Facts and Procedural History
According to the complaint, in October 2022, Wood was a passenger in a vehicle driven by Tracy Horn and owned by Buna Palmer. While traveling in Montgomery County, Horn drove on the wrong side of the road and collided with an oncoming vehicle. Wood was seriously injured in the collision. Wood was initially treated for her injuries at Baptist Medical Center South, and then she was transferred to USA Health University Hospital for further treatment.

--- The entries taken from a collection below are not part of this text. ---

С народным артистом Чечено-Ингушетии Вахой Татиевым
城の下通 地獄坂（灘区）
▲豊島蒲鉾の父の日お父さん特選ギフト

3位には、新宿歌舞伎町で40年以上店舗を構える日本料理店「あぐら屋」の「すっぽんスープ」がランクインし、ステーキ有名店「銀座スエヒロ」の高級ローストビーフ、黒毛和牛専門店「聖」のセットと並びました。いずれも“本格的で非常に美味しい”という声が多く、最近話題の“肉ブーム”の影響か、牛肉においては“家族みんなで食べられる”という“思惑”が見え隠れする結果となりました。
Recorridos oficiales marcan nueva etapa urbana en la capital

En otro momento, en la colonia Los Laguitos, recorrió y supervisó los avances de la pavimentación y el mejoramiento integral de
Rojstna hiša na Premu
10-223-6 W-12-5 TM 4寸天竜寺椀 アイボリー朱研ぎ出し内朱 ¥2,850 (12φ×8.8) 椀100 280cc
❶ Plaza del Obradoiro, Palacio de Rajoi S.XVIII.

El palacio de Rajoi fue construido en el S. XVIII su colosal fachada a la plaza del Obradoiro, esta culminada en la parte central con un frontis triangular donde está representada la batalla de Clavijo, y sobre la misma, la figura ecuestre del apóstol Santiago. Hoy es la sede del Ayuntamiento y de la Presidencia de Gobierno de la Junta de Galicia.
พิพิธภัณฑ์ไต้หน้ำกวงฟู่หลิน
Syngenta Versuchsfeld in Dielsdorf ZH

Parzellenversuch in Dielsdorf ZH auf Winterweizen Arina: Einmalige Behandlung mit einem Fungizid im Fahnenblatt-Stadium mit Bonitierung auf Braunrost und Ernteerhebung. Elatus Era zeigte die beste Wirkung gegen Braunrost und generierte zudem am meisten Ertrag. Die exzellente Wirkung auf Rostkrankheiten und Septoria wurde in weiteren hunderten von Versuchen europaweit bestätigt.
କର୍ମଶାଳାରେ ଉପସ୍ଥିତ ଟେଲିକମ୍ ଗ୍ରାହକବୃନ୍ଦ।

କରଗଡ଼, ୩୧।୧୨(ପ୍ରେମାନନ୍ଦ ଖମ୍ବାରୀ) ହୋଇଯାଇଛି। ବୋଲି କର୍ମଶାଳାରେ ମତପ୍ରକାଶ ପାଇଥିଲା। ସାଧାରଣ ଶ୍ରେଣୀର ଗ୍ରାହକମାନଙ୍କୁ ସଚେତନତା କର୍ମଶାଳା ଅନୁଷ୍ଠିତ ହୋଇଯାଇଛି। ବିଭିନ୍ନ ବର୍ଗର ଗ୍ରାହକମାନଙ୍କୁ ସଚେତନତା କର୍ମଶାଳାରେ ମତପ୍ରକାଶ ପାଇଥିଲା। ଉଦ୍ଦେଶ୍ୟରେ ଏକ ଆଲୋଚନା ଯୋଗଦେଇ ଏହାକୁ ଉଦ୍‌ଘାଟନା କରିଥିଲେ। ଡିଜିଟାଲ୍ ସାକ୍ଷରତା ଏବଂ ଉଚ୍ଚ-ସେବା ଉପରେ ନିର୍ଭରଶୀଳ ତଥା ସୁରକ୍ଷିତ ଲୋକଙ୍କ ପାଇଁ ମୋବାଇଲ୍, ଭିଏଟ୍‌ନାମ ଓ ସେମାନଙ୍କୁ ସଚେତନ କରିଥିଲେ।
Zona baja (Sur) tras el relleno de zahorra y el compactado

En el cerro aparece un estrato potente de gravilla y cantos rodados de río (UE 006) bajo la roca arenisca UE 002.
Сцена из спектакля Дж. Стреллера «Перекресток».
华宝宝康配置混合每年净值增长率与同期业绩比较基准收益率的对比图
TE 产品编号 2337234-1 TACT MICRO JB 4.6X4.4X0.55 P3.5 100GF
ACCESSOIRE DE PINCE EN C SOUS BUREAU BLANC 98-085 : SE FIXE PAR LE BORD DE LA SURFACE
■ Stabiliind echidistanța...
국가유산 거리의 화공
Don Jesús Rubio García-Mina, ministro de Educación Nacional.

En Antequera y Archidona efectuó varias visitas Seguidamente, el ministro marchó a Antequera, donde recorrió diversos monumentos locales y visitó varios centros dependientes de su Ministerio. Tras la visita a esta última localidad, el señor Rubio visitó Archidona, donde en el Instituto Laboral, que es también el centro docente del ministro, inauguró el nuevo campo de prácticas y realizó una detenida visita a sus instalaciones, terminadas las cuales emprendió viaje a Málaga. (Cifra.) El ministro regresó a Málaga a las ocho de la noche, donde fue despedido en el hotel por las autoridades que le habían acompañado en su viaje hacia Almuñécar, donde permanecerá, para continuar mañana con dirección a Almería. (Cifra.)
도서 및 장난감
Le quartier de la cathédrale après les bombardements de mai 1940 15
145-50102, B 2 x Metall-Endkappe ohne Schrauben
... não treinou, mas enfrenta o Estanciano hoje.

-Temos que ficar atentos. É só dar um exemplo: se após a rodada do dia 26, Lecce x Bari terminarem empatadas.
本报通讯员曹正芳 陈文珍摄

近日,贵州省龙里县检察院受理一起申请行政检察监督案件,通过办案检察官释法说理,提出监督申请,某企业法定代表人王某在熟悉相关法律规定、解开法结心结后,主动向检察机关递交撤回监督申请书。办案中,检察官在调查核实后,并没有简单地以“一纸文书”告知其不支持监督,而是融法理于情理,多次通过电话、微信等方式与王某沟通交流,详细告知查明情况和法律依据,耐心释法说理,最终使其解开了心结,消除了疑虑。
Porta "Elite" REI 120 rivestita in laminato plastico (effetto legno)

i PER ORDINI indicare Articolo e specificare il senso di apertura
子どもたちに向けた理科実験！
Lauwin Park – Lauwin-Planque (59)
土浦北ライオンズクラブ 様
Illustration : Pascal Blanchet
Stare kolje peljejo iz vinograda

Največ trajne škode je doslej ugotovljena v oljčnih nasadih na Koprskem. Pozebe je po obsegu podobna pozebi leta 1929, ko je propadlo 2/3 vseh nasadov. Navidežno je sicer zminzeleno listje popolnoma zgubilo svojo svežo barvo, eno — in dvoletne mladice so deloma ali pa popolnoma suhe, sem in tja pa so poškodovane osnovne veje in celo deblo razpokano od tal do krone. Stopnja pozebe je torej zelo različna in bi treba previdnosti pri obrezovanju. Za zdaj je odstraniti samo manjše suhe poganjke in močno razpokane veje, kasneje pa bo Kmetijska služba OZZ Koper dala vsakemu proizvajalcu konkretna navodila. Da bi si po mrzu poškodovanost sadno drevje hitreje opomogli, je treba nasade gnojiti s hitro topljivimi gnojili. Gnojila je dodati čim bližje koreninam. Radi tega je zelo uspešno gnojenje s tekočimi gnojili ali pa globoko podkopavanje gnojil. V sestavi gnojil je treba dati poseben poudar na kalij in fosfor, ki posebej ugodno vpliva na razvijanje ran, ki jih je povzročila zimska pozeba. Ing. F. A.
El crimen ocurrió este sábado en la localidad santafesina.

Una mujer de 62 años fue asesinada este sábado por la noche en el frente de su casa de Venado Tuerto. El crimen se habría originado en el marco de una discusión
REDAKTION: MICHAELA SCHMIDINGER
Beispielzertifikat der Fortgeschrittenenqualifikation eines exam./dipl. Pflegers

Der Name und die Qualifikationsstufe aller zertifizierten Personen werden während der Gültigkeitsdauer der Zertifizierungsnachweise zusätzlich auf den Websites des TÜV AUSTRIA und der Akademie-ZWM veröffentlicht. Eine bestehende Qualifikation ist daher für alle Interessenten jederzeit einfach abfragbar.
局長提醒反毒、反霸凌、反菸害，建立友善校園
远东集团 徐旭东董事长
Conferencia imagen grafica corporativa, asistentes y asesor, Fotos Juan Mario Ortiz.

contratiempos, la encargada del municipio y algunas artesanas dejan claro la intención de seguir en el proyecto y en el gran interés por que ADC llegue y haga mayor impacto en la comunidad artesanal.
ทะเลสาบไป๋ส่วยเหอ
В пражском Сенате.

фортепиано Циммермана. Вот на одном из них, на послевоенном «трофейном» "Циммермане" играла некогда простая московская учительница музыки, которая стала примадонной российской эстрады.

On November 4, 2022, USA filed a hospital lien in the Mobile Probate Court in the amount of $51,403.92. See § 35-11-370 et seq., Ala. Code 1975. On November 14, 2023, Baptist filed a hospital lien in the Montgomery Probate Court in the amount of $125,726.30. The liens secured payment for Wood's treatment from any settlement or recovery she might receive on account of her injuries.
Palmer had an insurance policy that provided $25,000 in liability coverage and $50,000 in underinsured-motorist coverage. In July 2023, Wood reached a settlement in principle with Palmer's insurance company for $75,000. The $50,000 from the underinsured-motorist coverage was paid to Wood in July 2023, and it is currently being held in trust by Wood's attorney. Concerning those proceeds, Wood signed a release with the insurance company, releasing the insurance company from further liability but promising to satisfy all liens and subrogation interests, as required by law, from the proceeds. The $25,000 from the liability coverage has not been paid to Wood. It appears that a settlement for that amount has been agreed to in principle, but no release or settlement agreement has been signed, and the insurance company is retaining those proceeds until all liens have been satisfied.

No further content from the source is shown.